I feel I’m simply repeating myself (though of course I did take other pictures:)

© 2004 Peter Marshall
Chinese New Year, Trafalgar Square, London 2004

but perhaps the best are from earlier years where I shot mainly in black and white and concentrated on the people

© 2002 Peter Marshall
Firecrackers, Chinese New Year, Soho, London 2002

Of course it’s an event that brings out the Flickrati in droves (again I’ve nothing against them but don’t feel moved to join them, though I do have a free account with 97 pictures there) and where everyman and her dog has a camera and is pushing to get pictures – so, unlike some of the other events I photograph I don’t think my pictures will be missed.

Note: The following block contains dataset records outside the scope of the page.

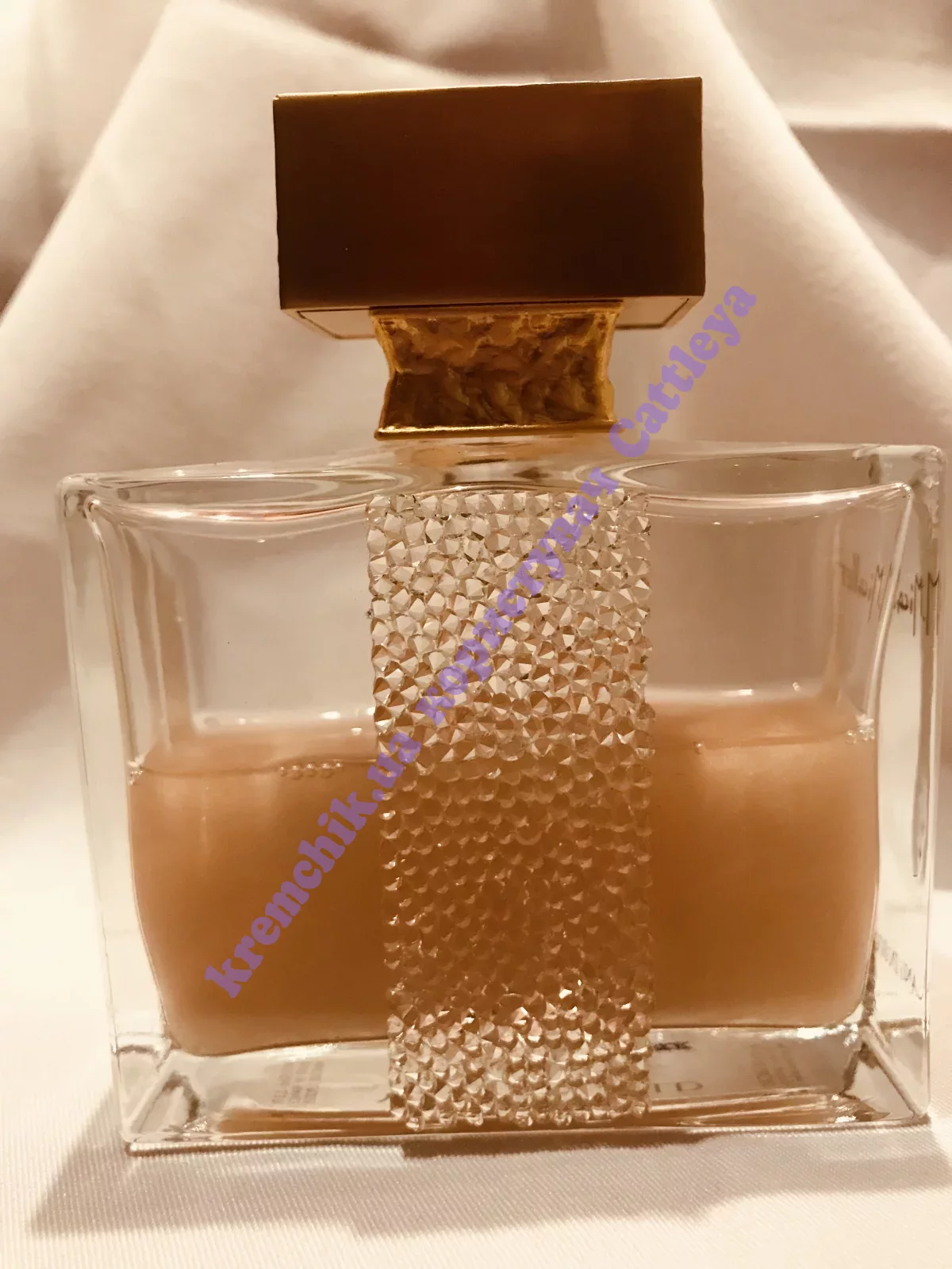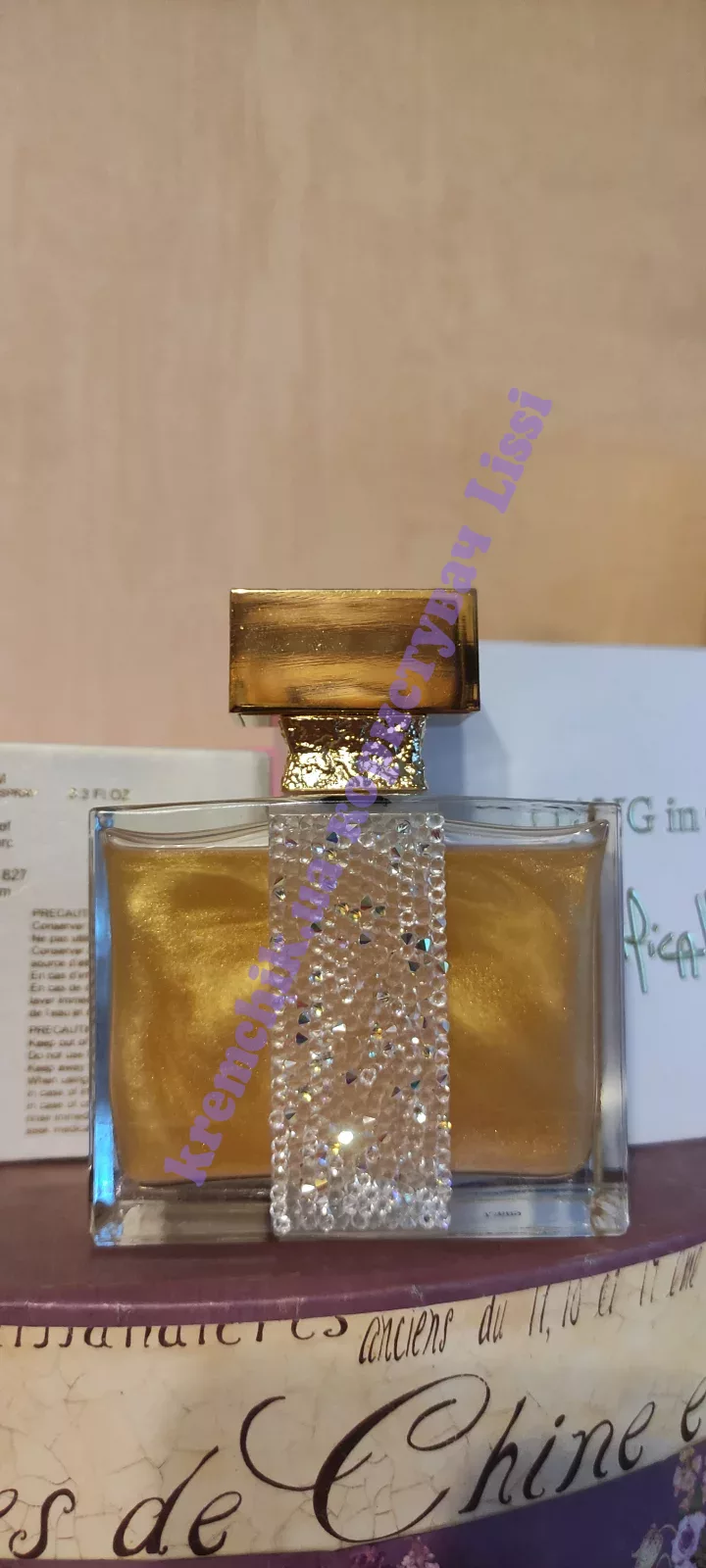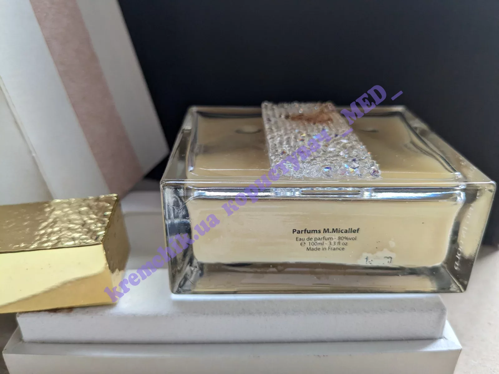Сам флакончик декорирован вручную камнями Сваровски, изготовленными по специальному заказу для Мартины Микаллеф.
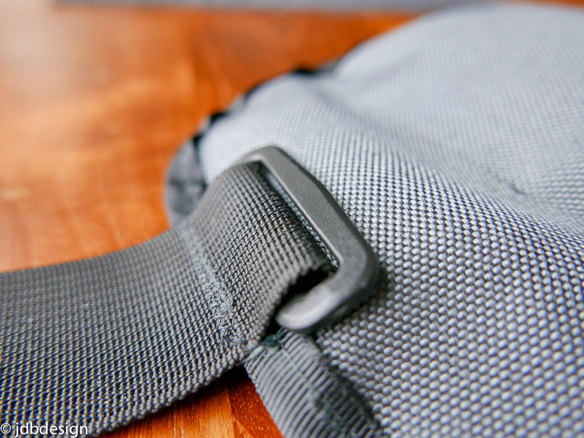 I made the bike attachment strap from a wider Military spec webbing so it can be cinched down hard without fear of breaking, this was important because I wanted it to snug on the bike really tight. Movement and flopping on the bike is not an acceptable option, so I had to mess around with the proportions of hook and loop on the strap. I made it size adjustable by having a double size patch of loop so that the hooks could stick in multi positions.
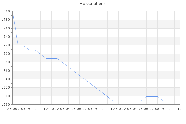 Elo no rounded:1590.3 Rd ( Small rd indicates a reliable elo ) : 281 Elo max :0 Elo max this year :0 Moves played :4 Country:Malta
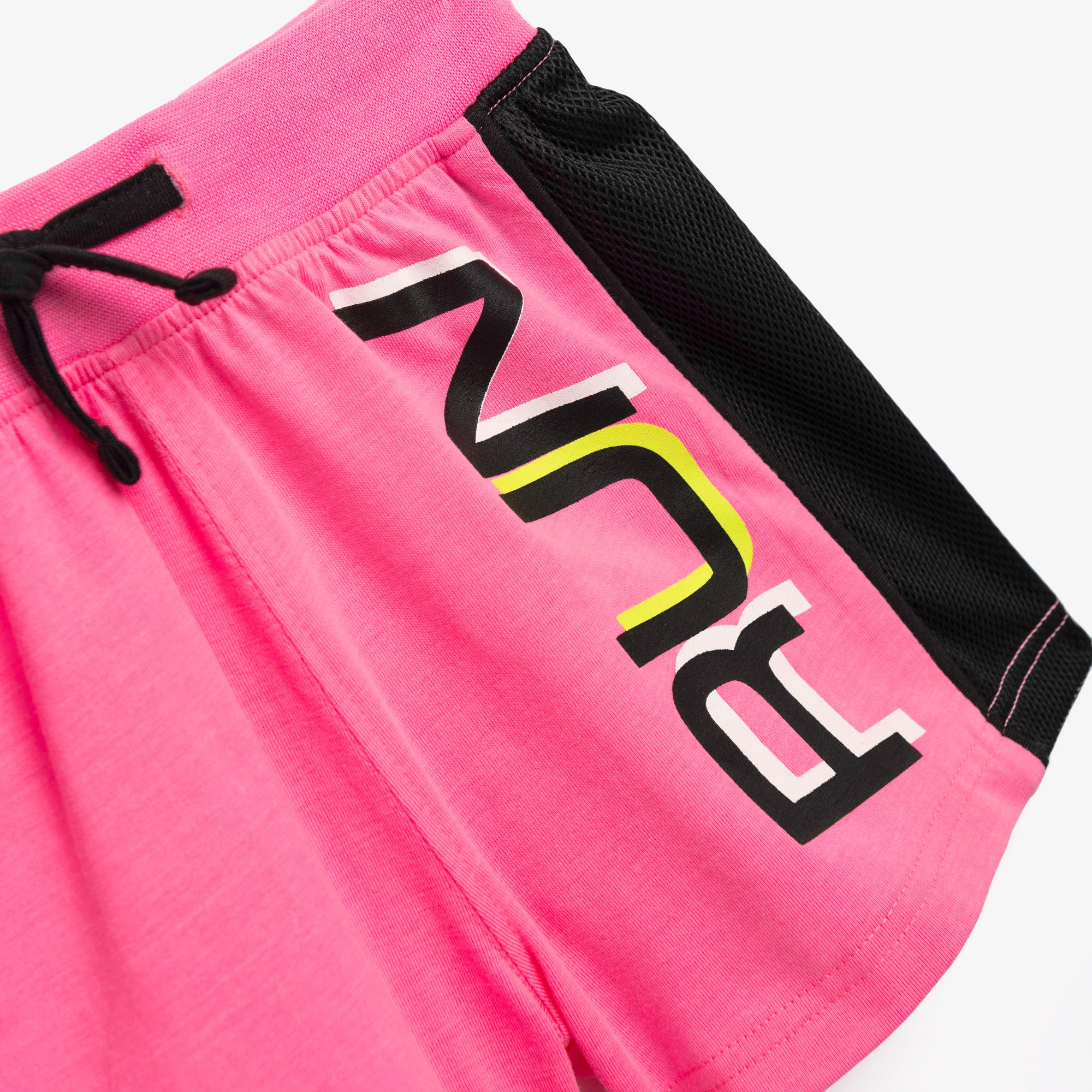 Σετ μπλουζάκι με τύπωμα (run) και σόρτς κάλτσα λύκρα με τύπωμα σε χρώμα μαύρο/φωσφορούχο ρόζ για κορίτσι 6-16 ετών

And it’s actually much harder to work with amateurs than with a whole pack of pros.

Pros tend to be aware of other photographers and to “do as they would wish to be done by“, at least to some extent working together as a team and not deliberately impeding others; a certain unwritten etiquette applies (though TV crews sometimes think they are God and treat still photographers as dirt.)

© 2006 Peter Marshall
At the last second a hand appeared blocking my view

But holding a camera phone at arms length and concentrating on its small screen makes some people (mainly young and male and self-assured) completely oblivious to the presence of others as they happily walk right in front of me as I’m photographing or hold their phone right in front of my lens.